THE TASK:
The answer should match the entries that follow exactly, except that no image appears in it.

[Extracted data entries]
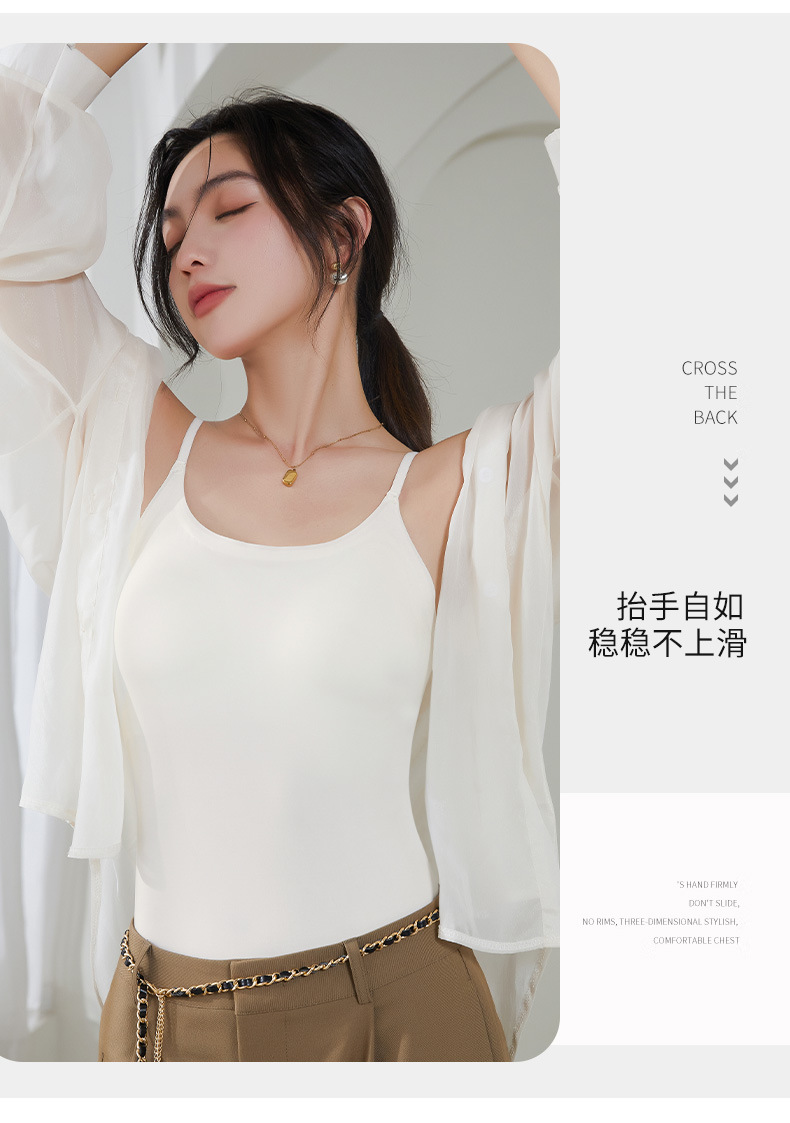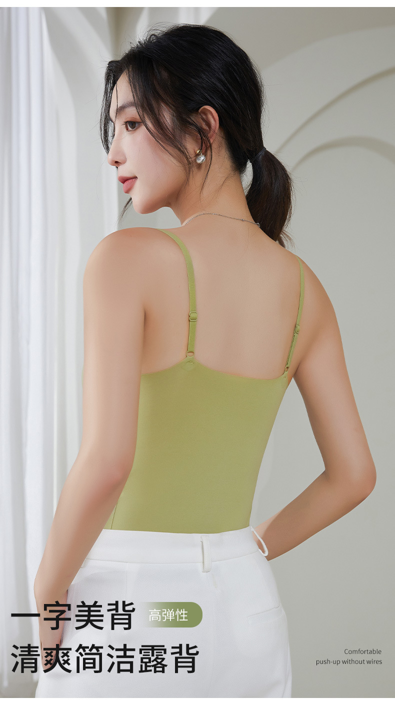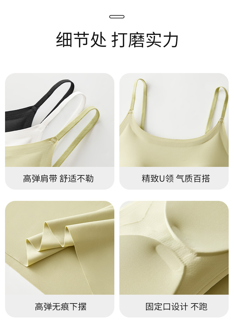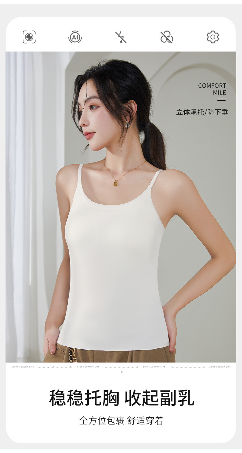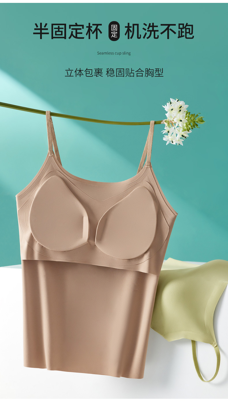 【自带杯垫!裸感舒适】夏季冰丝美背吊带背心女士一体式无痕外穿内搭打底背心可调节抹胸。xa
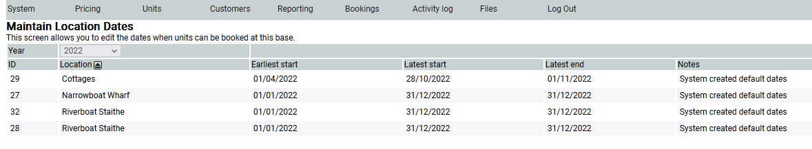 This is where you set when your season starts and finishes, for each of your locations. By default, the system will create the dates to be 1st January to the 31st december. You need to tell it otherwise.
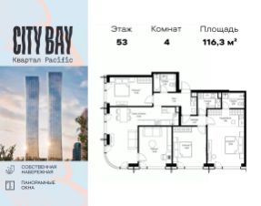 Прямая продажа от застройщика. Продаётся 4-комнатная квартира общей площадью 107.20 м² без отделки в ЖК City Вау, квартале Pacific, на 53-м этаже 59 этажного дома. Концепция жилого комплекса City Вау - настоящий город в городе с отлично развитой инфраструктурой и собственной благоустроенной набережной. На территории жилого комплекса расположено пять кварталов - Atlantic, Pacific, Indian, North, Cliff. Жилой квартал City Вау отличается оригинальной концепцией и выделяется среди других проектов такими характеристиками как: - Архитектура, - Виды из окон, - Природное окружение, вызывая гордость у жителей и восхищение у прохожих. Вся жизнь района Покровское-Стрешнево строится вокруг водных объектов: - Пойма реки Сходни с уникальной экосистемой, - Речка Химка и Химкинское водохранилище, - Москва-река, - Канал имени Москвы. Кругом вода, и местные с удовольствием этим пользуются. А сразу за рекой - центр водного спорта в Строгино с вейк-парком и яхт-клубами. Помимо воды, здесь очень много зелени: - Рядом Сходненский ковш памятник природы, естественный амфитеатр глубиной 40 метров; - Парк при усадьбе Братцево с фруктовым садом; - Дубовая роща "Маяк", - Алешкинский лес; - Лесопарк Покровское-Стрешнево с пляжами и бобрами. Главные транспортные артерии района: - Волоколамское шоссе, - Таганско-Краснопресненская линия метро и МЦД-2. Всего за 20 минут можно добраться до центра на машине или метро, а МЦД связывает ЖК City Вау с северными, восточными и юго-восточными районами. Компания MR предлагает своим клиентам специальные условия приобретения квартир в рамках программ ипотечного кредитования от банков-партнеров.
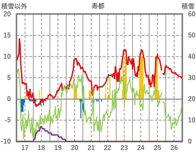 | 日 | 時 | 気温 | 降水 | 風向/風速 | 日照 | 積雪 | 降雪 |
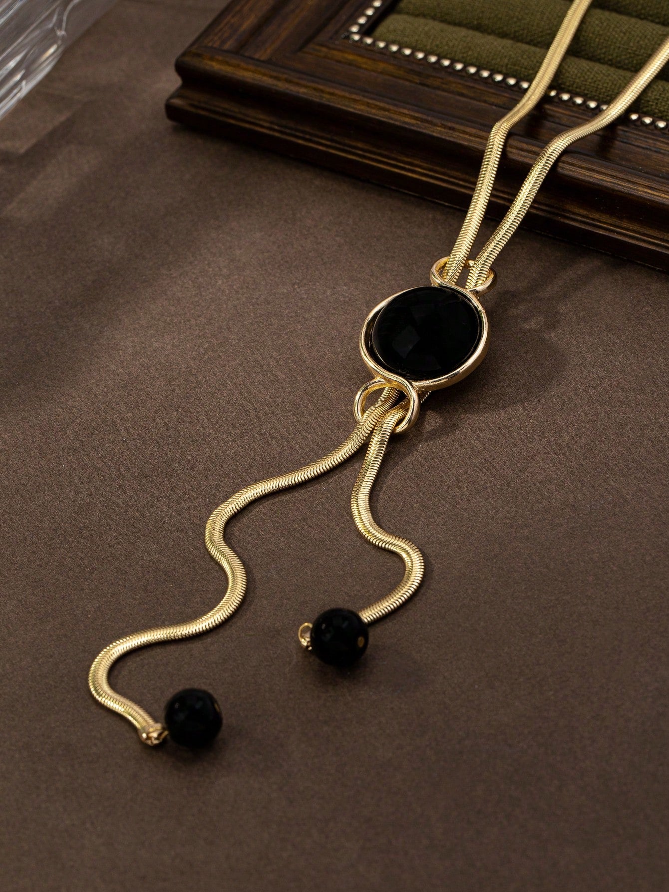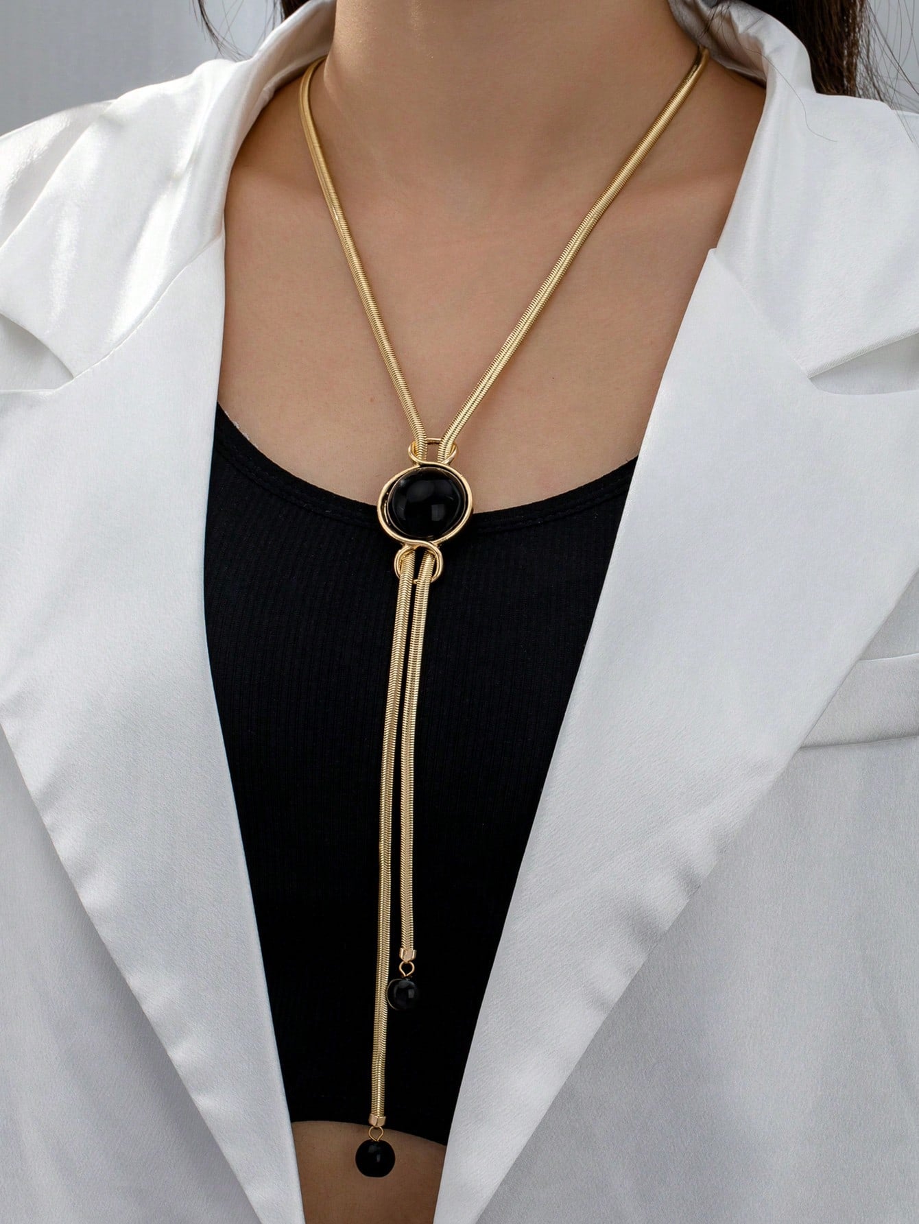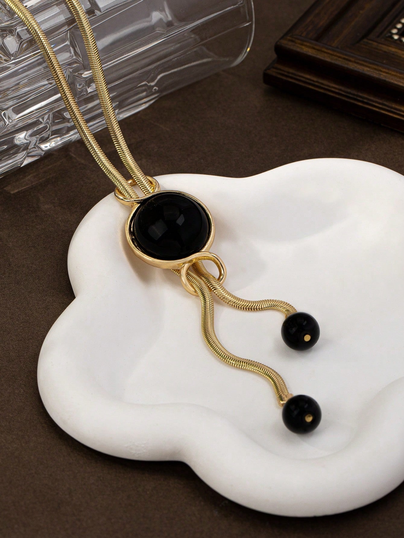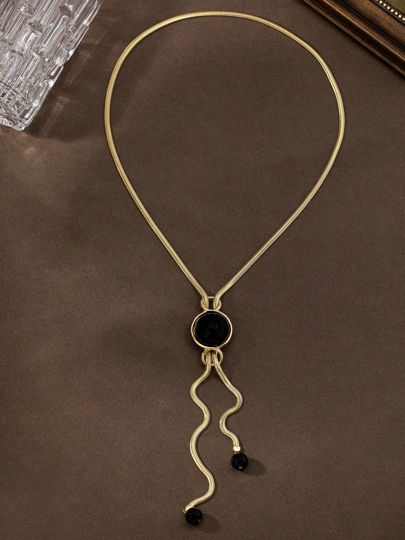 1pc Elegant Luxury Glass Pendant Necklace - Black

WRITTEN RESPONSE:
 【自带杯垫!裸感舒适】夏季冰丝美背吊带背心女士一体式无痕外穿内搭打底背心可调节抹胸。xa
 This is where you set when your season starts and finishes, for each of your locations. By default, the system will create the dates to be 1st January to the 31st december. You need to tell it otherwise.
 Прямая продажа от застройщика. Продаётся 4-комнатная квартира общей площадью 107.20 м² без отделки в ЖК City Вау, квартале Pacific, на 53-м этаже 59 этажного дома. Концепция жилого комплекса City Вау - настоящий город в городе с отлично развитой инфраструктурой и собственной благоустроенной набережной. На территории жилого комплекса расположено пять кварталов - Atlantic, Pacific, Indian, North, Cliff. Жилой квартал City Вау отличается оригинальной концепцией и выделяется среди других проектов такими характеристиками как: - Архитектура, - Виды из окон, - Природное окружение, вызывая гордость у жителей и восхищение у прохожих. Вся жизнь района Покровское-Стрешнево строится вокруг водных объектов: - Пойма реки Сходни с уникальной экосистемой, - Речка Химка и Химкинское водохранилище, - Москва-река, - Канал имени Москвы. Кругом вода, и местные с удовольствием этим пользуются. А сразу за рекой - центр водного спорта в Строгино с вейк-парком и яхт-клубами. Помимо воды, здесь очень много зелени: - Рядом Сходненский ковш памятник природы, естественный амфитеатр глубиной 40 метров; - Парк при усадьбе Братцево с фруктовым садом; - Дубовая роща "Маяк", - Алешкинский лес; - Лесопарк Покровское-Стрешнево с пляжами и бобрами. Главные транспортные артерии района: - Волоколамское шоссе, - Таганско-Краснопресненская линия метро и МЦД-2. Всего за 20 минут можно добраться до центра на машине или метро, а МЦД связывает ЖК City Вау с северными, восточными и юго-восточными районами. Компания MR предлагает своим клиентам специальные условия приобретения квартир в рамках программ ипотечного кредитования от банков-партнеров.
 | 日 | 時 | 気温 | 降水 | 風向/風速 | 日照 | 積雪 | 降雪 |
 1pc Elegant Luxury Glass Pendant Necklace - Black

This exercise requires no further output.